● **Exercise**:
Reproduce every entry precisely as written.
━━━━━ Supplied records ━━━━━
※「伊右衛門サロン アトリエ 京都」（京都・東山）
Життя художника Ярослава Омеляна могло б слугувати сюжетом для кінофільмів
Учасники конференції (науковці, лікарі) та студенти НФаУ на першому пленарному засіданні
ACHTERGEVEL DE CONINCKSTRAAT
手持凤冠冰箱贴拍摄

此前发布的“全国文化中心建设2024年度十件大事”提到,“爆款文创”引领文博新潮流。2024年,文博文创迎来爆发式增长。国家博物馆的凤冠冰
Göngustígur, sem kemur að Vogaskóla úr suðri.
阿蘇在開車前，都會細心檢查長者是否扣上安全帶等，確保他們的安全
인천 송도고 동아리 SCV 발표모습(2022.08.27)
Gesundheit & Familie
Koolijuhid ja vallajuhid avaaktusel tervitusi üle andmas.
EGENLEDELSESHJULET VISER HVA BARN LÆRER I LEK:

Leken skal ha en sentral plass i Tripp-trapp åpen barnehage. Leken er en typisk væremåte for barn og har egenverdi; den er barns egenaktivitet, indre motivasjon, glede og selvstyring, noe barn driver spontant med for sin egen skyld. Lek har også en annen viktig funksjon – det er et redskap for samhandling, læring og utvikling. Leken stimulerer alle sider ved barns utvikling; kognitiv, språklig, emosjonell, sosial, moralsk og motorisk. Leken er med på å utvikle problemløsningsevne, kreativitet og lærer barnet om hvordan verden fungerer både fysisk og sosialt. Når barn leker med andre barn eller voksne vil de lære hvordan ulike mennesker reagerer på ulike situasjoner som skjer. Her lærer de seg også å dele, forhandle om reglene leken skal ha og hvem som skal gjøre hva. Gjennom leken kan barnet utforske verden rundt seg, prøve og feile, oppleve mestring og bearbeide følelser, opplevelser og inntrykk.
━━━━━
● **Answer to the problem**:
※「伊右衛門サロン アトリエ 京都」（京都・東山）
Життя художника Ярослава Омеляна могло б слугувати сюжетом для кінофільмів
Учасники конференції (науковці, лікарі) та студенти НФаУ на першому пленарному засіданні
ACHTERGEVEL DE CONINCKSTRAAT
手持凤冠冰箱贴拍摄

此前发布的“全国文化中心建设2024年度十件大事”提到,“爆款文创”引领文博新潮流。2024年,文博文创迎来爆发式增长。国家博物馆的凤冠冰
Göngustígur, sem kemur að Vogaskóla úr suðri.
阿蘇在開車前，都會細心檢查長者是否扣上安全帶等，確保他們的安全
인천 송도고 동아리 SCV 발표모습(2022.08.27)
Gesundheit & Familie
Koolijuhid ja vallajuhid avaaktusel tervitusi üle andmas.
EGENLEDELSESHJULET VISER HVA BARN LÆRER I LEK:

Leken skal ha en sentral plass i Tripp-trapp åpen barnehage. Leken er en typisk væremåte for barn og har egenverdi; den er barns egenaktivitet, indre motivasjon, glede og selvstyring, noe barn driver spontant med for sin egen skyld. Lek har også en annen viktig funksjon – det er et redskap for samhandling, læring og utvikling. Leken stimulerer alle sider ved barns utvikling; kognitiv, språklig, emosjonell, sosial, moralsk og motorisk. Leken er med på å utvikle problemløsningsevne, kreativitet og lærer barnet om hvordan verden fungerer både fysisk og sosialt. Når barn leker med andre barn eller voksne vil de lære hvordan ulike mennesker reagerer på ulike situasjoner som skjer. Her lærer de seg også å dele, forhandle om reglene leken skal ha og hvem som skal gjøre hva. Gjennom leken kan barnet utforske verden rundt seg, prøve og feile, oppleve mestring og bearbeide følelser, opplevelser og inntrykk.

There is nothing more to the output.